DATASET CONTENT:
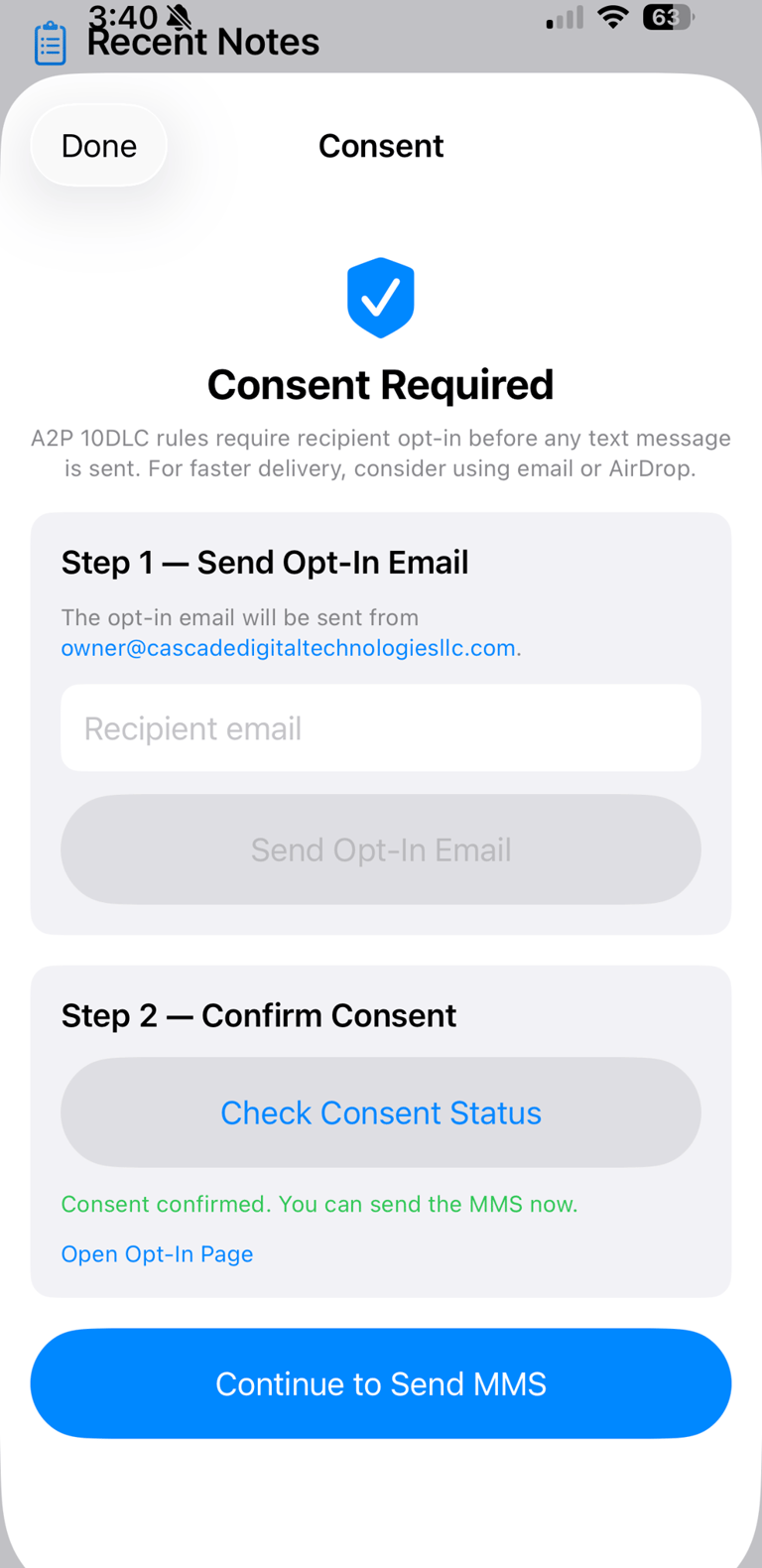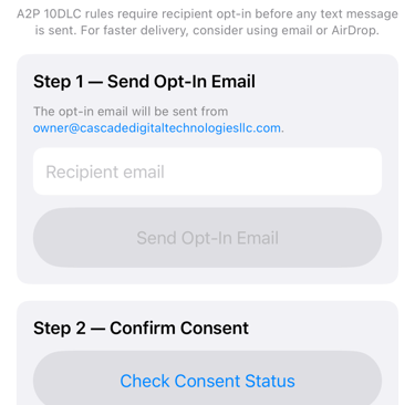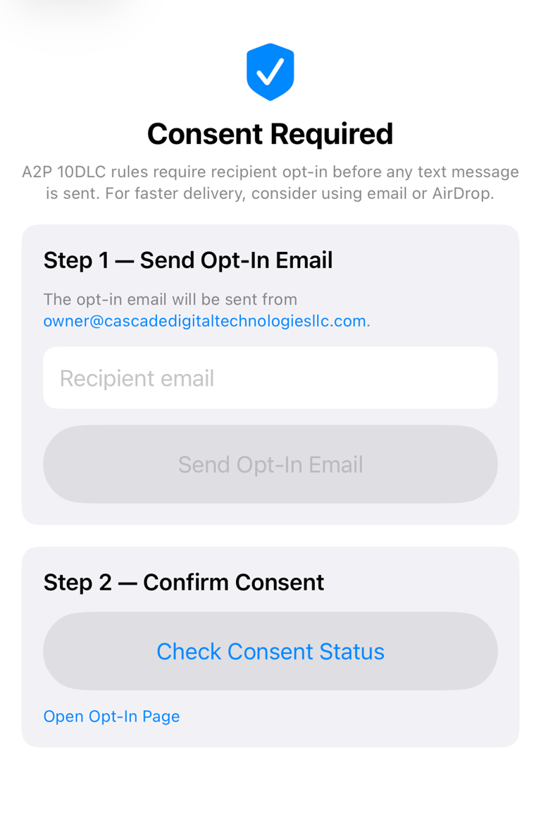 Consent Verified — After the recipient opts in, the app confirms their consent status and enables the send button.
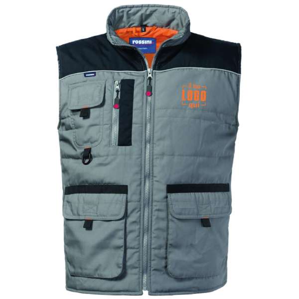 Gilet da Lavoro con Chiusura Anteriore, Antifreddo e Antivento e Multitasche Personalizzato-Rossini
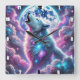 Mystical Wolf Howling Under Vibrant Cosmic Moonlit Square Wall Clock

WHAT THIS TASK INVOLVES: Repeat the material above verbatim, with no pictures in the output.

YOUR RESPONSE:
 Consent Verified — After the recipient opts in, the app confirms their consent status and enables the send button.
 Gilet da Lavoro con Chiusura Anteriore, Antifreddo e Antivento e Multitasche Personalizzato-Rossini
 Mystical Wolf Howling Under Vibrant Cosmic Moonlit Square Wall Clock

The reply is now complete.